Posted 01 April 2005 - 01:40 AM

Historical data involving a document can influence ranking scores. Here is one of the things that can make a difference:

document inception date

This can be determined a number of different ways (maybe based upon what type of document it is, or by what implementation of the application is being used):

[list]When first crawled by the search engine
When first submitted to the search engine
When a link to the document is first discovered
Domain registration date
When first referenced in another document
When a document first reaches a certain number of pages
By the time stamp of the document on the server it is hosted upon.[list]
The application tells us that under a link-based ranking system not using age-based information, a document with less links to and from the document may rank lower than a document with more links to and from it.
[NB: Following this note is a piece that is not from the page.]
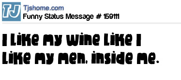 - # 90273 Ladies: A good man can make you feel sexy, strong and able to take on the world...oh sorry thats wine...wine does that.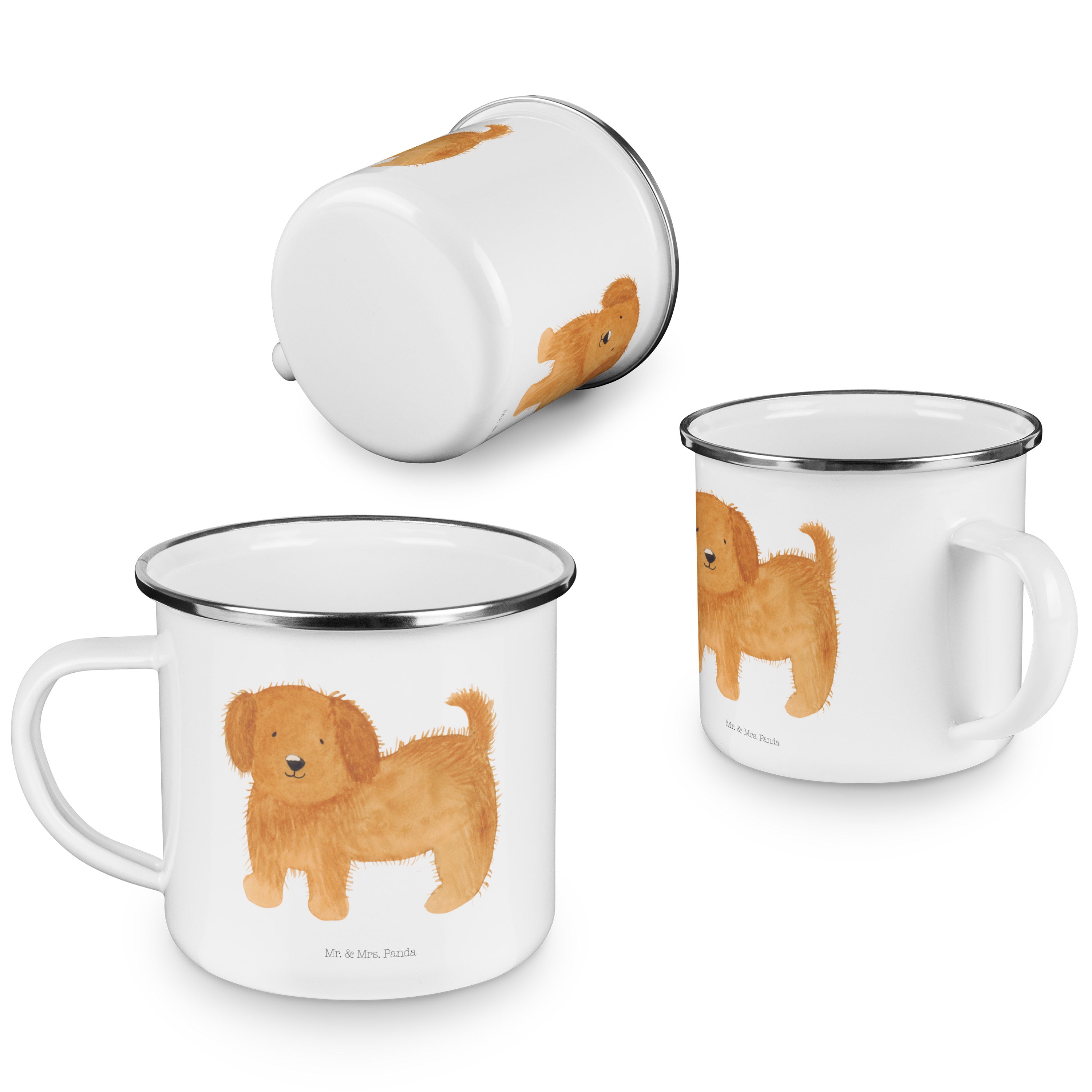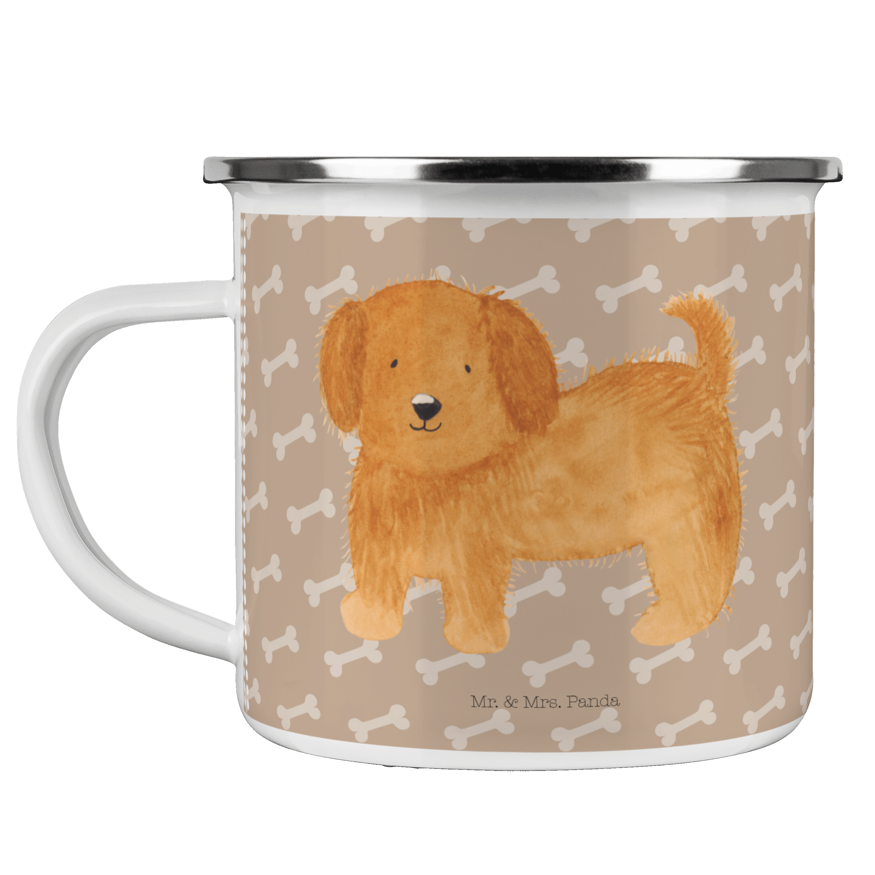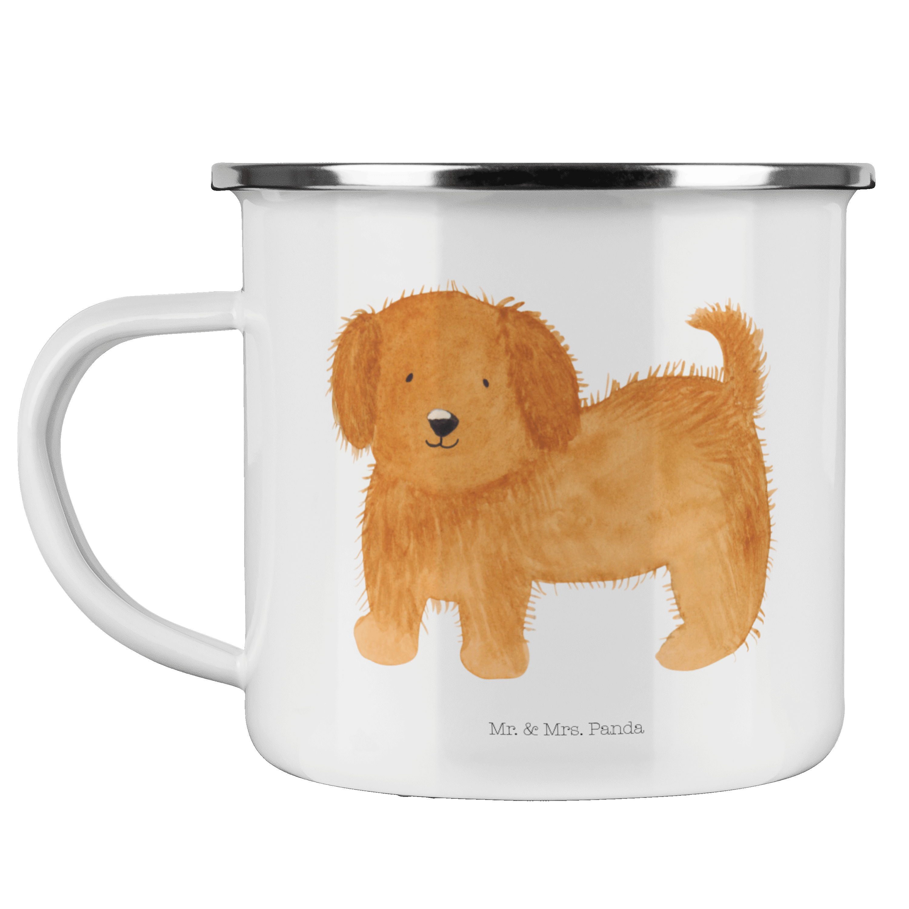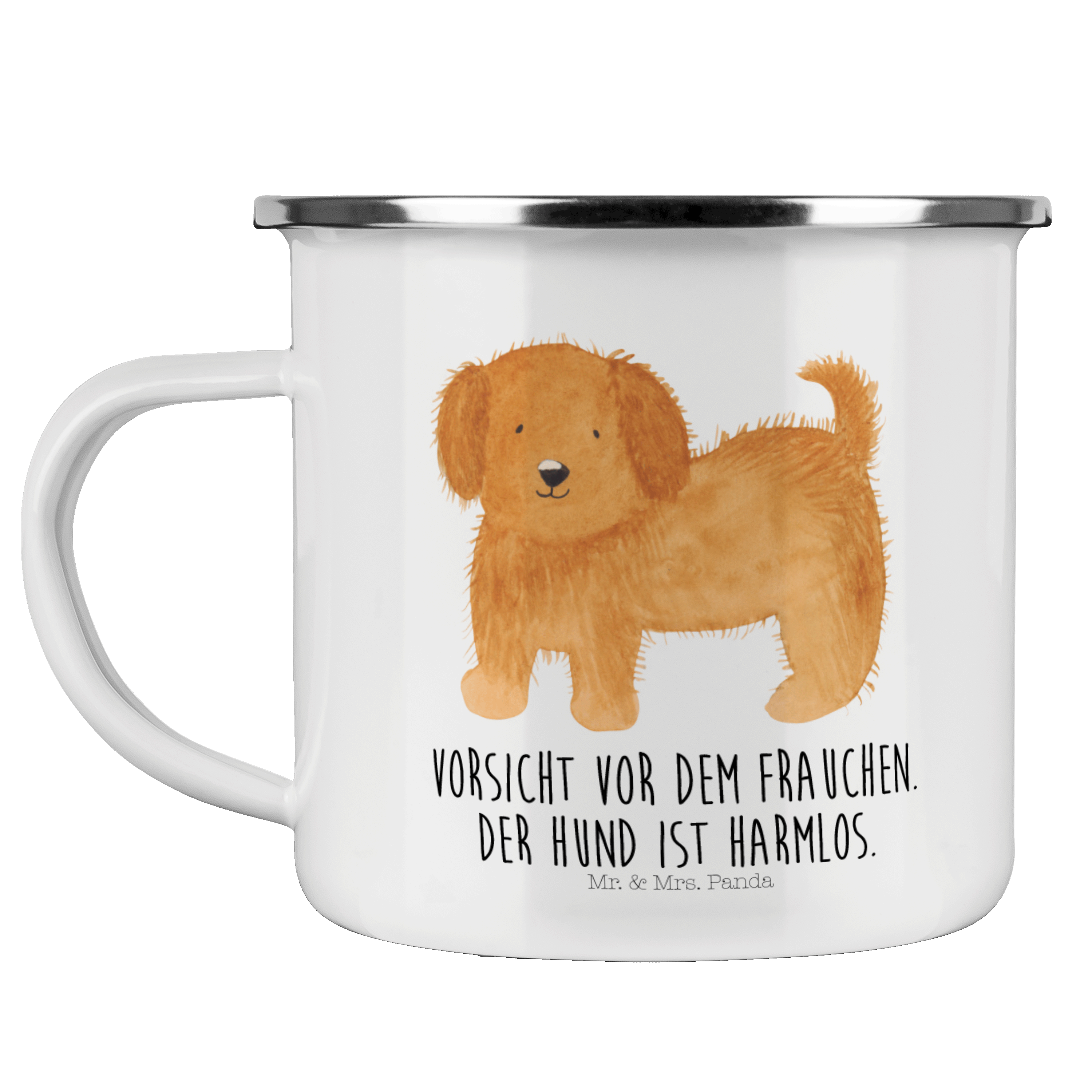 Camping Emaille Tasse Hund flauschig - mit Spruch - Weiß

But, if the document with less links can be determined to be newer, based upon the document inception date, it might just rank higher than an older document with more links because it has a higher rate of growth. But too many links, coming too quickly to the newer document, may also be a sign that some type of spamming is happening.

So, how is that rate determined, and how much does it influence the overall ranking of a page?

This formula is given as one way of determining that:

H=L/log(F+2), 

where H may refer to the history-adjusted link score, L may refer to the link score given to the document, which can be derived using any known link scoring technique (e.g., the scoring technique described in U.S. Pat. No. 6,285,999) that assigns a score to a document based on links to/from the document, and F may refer to elapsed time measured from the inception date associated with the document (or a window within this period).


The patent further refines this formula by negating some of the difference between the ages of the documents, in a recognition that some "older documents may be more favorable than newer ones" and that some sets of results can be fairly mature. The scores of documents can be influenced (positively or negatively) by the difference between the document's age, and the average age of documents resulting from a query.

So, a fairly new site that appears amongst a set of results that are, on the average fairly old, may find it being negatively influenced by that difference in age.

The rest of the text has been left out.